2016, le millésime des extrêmes à Bordeaux
Une rapide expédition dans les Graves et à Pessac-Léognan m’a permis de prendre la température du millésime 2016. Le 27 septembre, les sauvignons étaient presque entièrement récoltés, comme les sémillons, bien dorés, alors que débutait la vendange des merlots. L’influence du mildiou précoce sur les grappes et l’hétérogénéité des baies plus ou moins mûres obligeaient au tri des raisins, devenu quasi systématique. Les autres cépages rouges, cabernet sauvignon et franc et petit verdot, seront encavés d’ici le 15 octobre, pour ceux qui oseront prendre des risques.
Par Pierre Thomas, de retour de Bordeaux
On attendait, le premier week-end d’octobre, un peu de pluie sur le Bordelais. Lors d’un repas au Château Olivier, Olivier Bernard, du Domaine de Chevalier, président de l’Union des grands crus de Bordeaux, s’est exclamé : «Il faudrait des déluges pour abîmer le millésime». Au Château Bouscaut, le propriétaire, Laurent Cogombles, résume : «Le finish est magnifique. On est assez veinards !».
Certains, déjà, parient sur un des meilleurs millésimes de ces 20 dernières années, même s’ils se situent météorologiquement à l’opposé du 2015, encensé, malgré une hétérogénéité patente en dégustation primeurs, selon les dégustateurs qui se livrent à cet exercice de haute voltige commerciale… Mais, observe Laurent Cogombles, «aucun grand millésime n’a comporté un printemps aussi pourri». Et «nous n’avons jamais eu, non plus, un été aussi sec !». Résultat en millimètres de pluies : à la fin du printemps, il était tombé autant d’eau que durant toute une année (500 mm), tandis que du 20 juin au 13 septembre, il n’en est tombé que 30 mm.
— + — = +?
Ces deux situations extrêmes et opposées — printemps pourri et été archisec — sont totalement inconnues des annales ! Un peu comme si moins par moins allait faire plus (comme le résume une journaliste parisienne).

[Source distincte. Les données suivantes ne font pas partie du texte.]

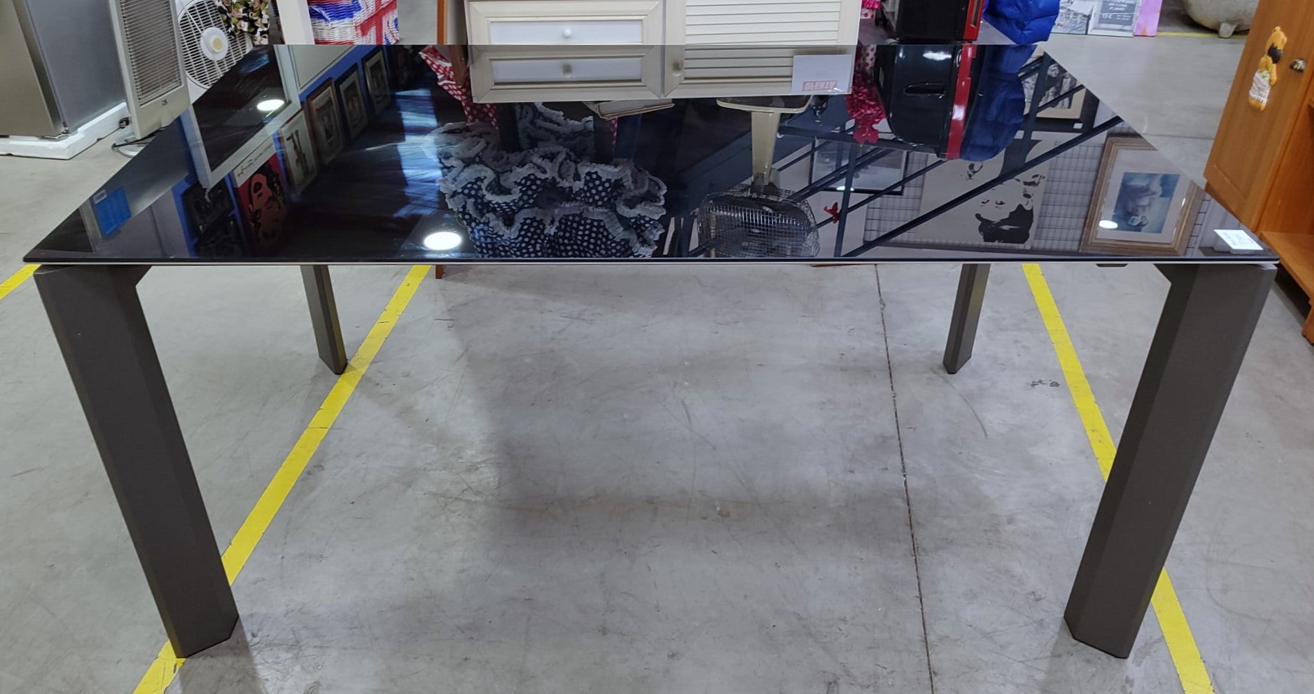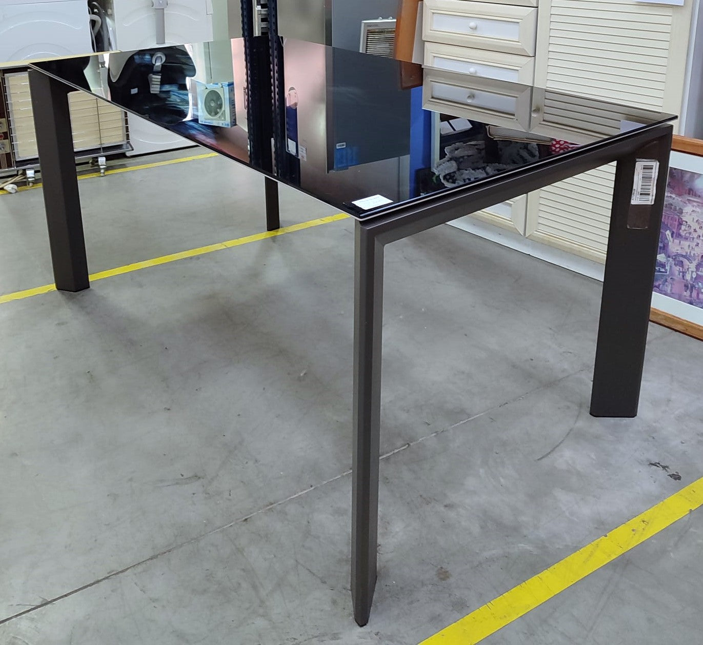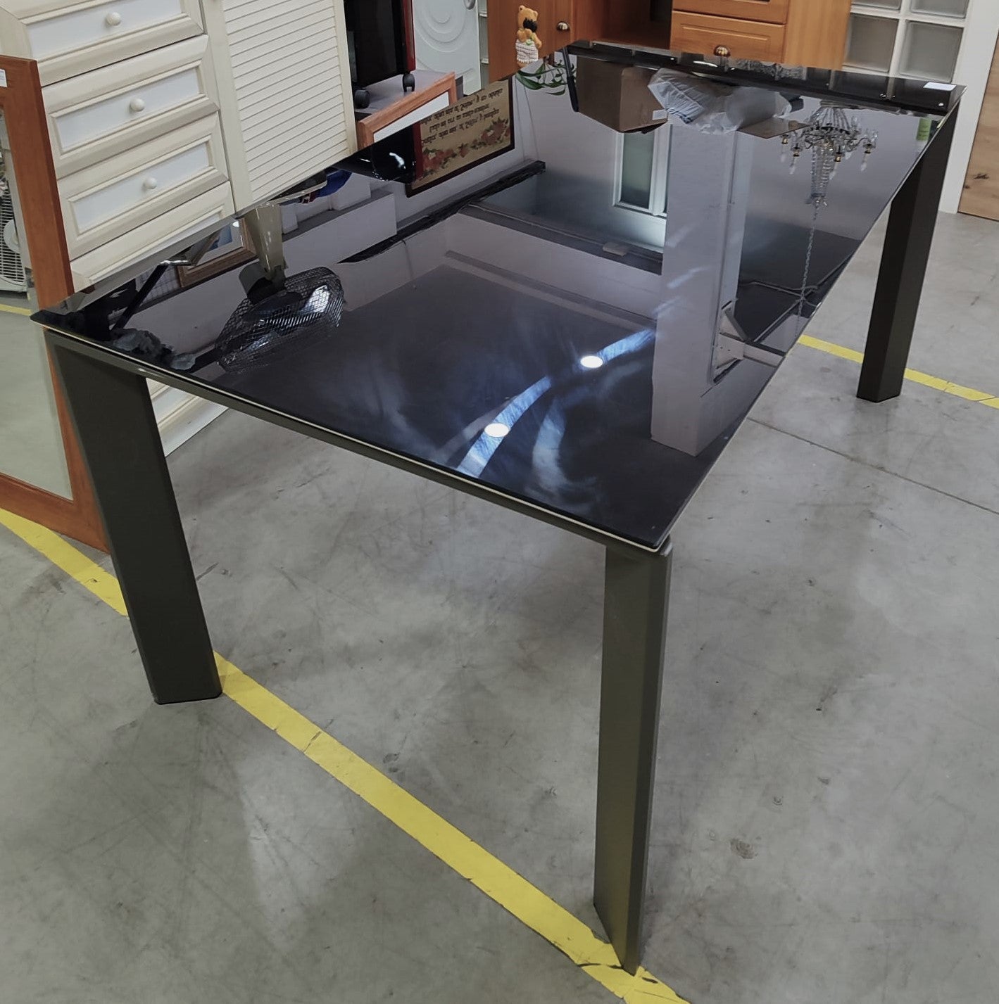 Descripción Mesa extensible de estilo moderno, capacidad para acoger de 4 a 8 comensales. Sobre de cristal templado color negro. Patas de acero. El extensible tiene un acabado lacado en poliuretano que se diferencia del resto del sobre a simple vista. Mecanismo de extensión mariposa. Estirando por uno de los extremos y colocando el anexo en su sitio.

Mais, tempère le propriétaire de Bouscaut, l’absence d’eau durant l’été pourrait s’avérer négatif. Il n’a plu qu’un tout petit peu le 13 septembre (40 mm) et il n’y a pas eu l’orage du 15 août qui, d’habitude, permet au Bordelais d’échapper à la sècheresse estivale… Ainsi, le stress hydrique a pu entraîner un blocage de maturité dans les raisins, ce que la station suisse de Changins appelle le folletage : des grappes avec des baies plus petites que d’ordinaire, un peu flétries, peu colorées, et pas mûres, en fait. Reste à savoir si ces raisins passent l’épreuve du «tri optique» par machine, souvent appliqué, alors que le tri par densimétrie dans un bain d’eau sucrée est plus fiable, dans ces conditions, voire le double tri, en vendange manuelle, puis sur table de tri…
Il n’empêche, selon David Pernet, consultant d’un laboratoire, «la maturation des rouges se poursuit depuis la mi-septembre dans des conditions diurnes estivales et de fortes amplitudes thermiques nocturnes, particulièrement favorables à l’accumulation des anthocyanes et à la richesse aromatique. Les acidités et les richesses en sucre sont modérées, associées à des potentiels tanniques et aromatiques très prometteurs. Le millésime 2016 devrait s’inscrire parmi les grands millésimes des 20 dernières années.»
L’UGC chaque année à Genève et Zurich dès 2017
Quant à l’Union des grands crus, elle viendra présenter à la presse et aux professionnels du vin, au Kongresshauss de Zurich, le jeudi 20 octobre 2016, les vins «finis» du millésime 2014, de 14 h. 30 à 18 h. — 87 domaines et châteaux seront présents. Dès l’année prochaine, l’UGC sera présente chaque année à Genève et à Zurich, et non en alternance.